Academic Insults for All Occasions

Ever find yourself scrambling for an insult of higher quality than “I know you are, but what am I?” Well, look no further! Here at DUiN, we pride ourselves on finding new and creative ways to insult our peers, our friends, and our coworkers. Enjoy –


“Are you my GPA? Because you’re so not worth the effort.”

“The only test you’d get an A or B on is for blood type.”

“Even Freud wouldn’t have time for your psyche issues.”

“It’s good to know there are still some members of the Neanderthal around.”

“Edward Gibbon theorized that Christians caused the fall of Rome; I’m thinking it was actually your ancestors.”

“That test score would be great . . . if we were playing golf.”

“The only pi sequence you know is the recipe for banana cream.”

“When the plague wiped out one-third of Europe’s population, it’s a shame you weren’t around.”

“You’d be a really great editor. You know. If you knew how to English.”

“Even the plus-minus system isn’t enough to boost a GPA like that.”

“You and I have less chemistry than an English major.”

“You take the ‘social’ out of social sciences.”

“If GPAs could talk, yours would be screaming, ‘GET ME OUT OF HERE!’”

“Not even fractions are willing to be your friends.”

“I’ve never seen someone comma splice quite like that.”

“If you haven’t figured out the correct use of ‘their’ by now, I don’t know how you got admitted to Drake.”

“Pavlov’s dogs are more reliable than you.”

“If you take the square root of biology class cubed, you’ll get the equivalent of your failed love life.”

“No, office hours are not for watching The Office.”

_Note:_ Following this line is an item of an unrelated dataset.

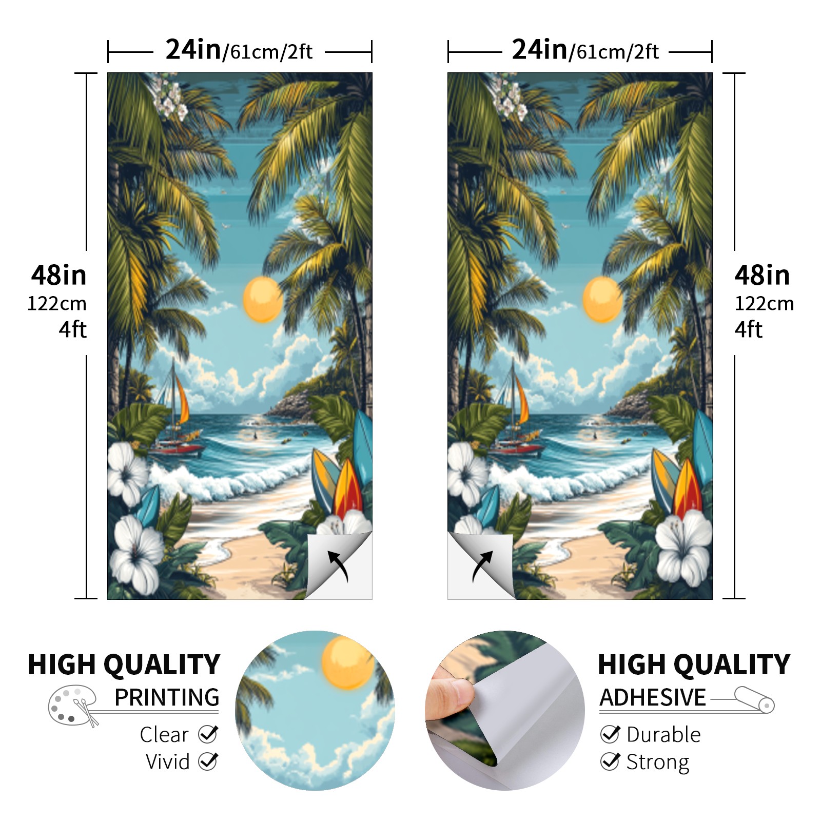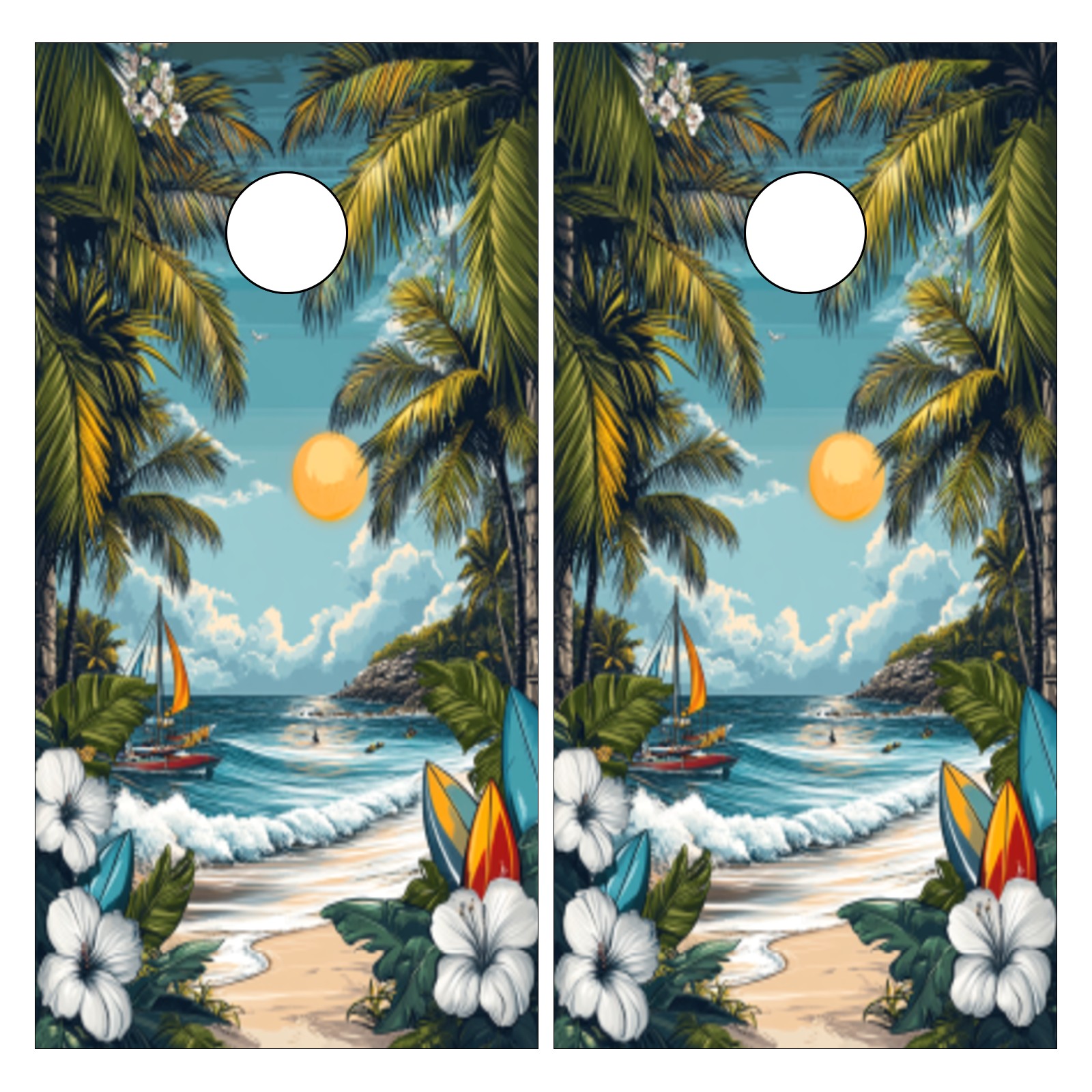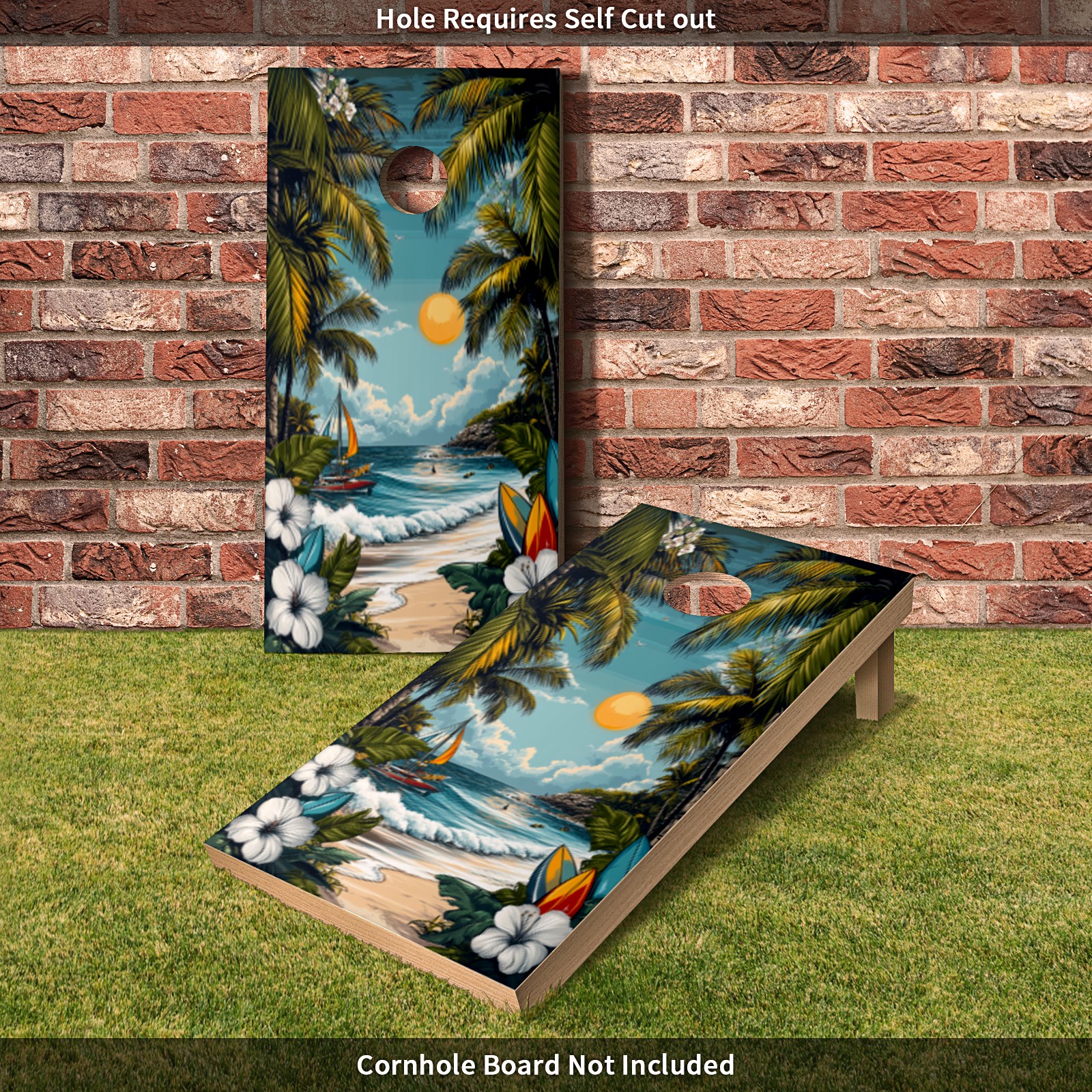 Portable 4x2 Ft Cornhole Boards Set with Two-piece Game Sticker(Decals ONLY), Easy to Apply - Corn Hole Games for Adults Outdoor Bean Bag Toss Game Hawaiian Beach Pattern
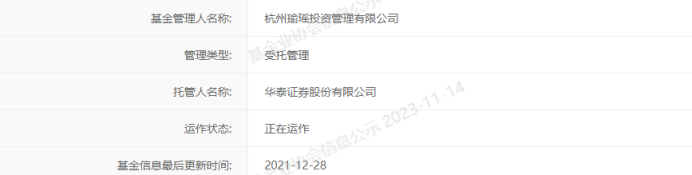 另一家私募机构杭州瑜瑶,2017年6月成立,根据企查查信息显示,该公司由2名自然人股东持股,杨泽斌是其大股东,持股82%,何国清持股18%,这家公司实缴资本200万元,管理着规模20亿-50亿元的资金,公司目前状态为经营异常。

“If grades were cup sizes, you’d be the talk of the class. Students don’t see triple F’s every day, you know.”

“In the Senior Awards, you’d win Most Likely to Become a Starving Artist.”

“You’re so bad at math, when you had to do a cosine, you asked for your neighbor’s autograph.”

“If you were a bookworm, you’d be dead from starvation.”

“When the zombie apocalypse comes to town, they’ll avoid your brain like the plague.”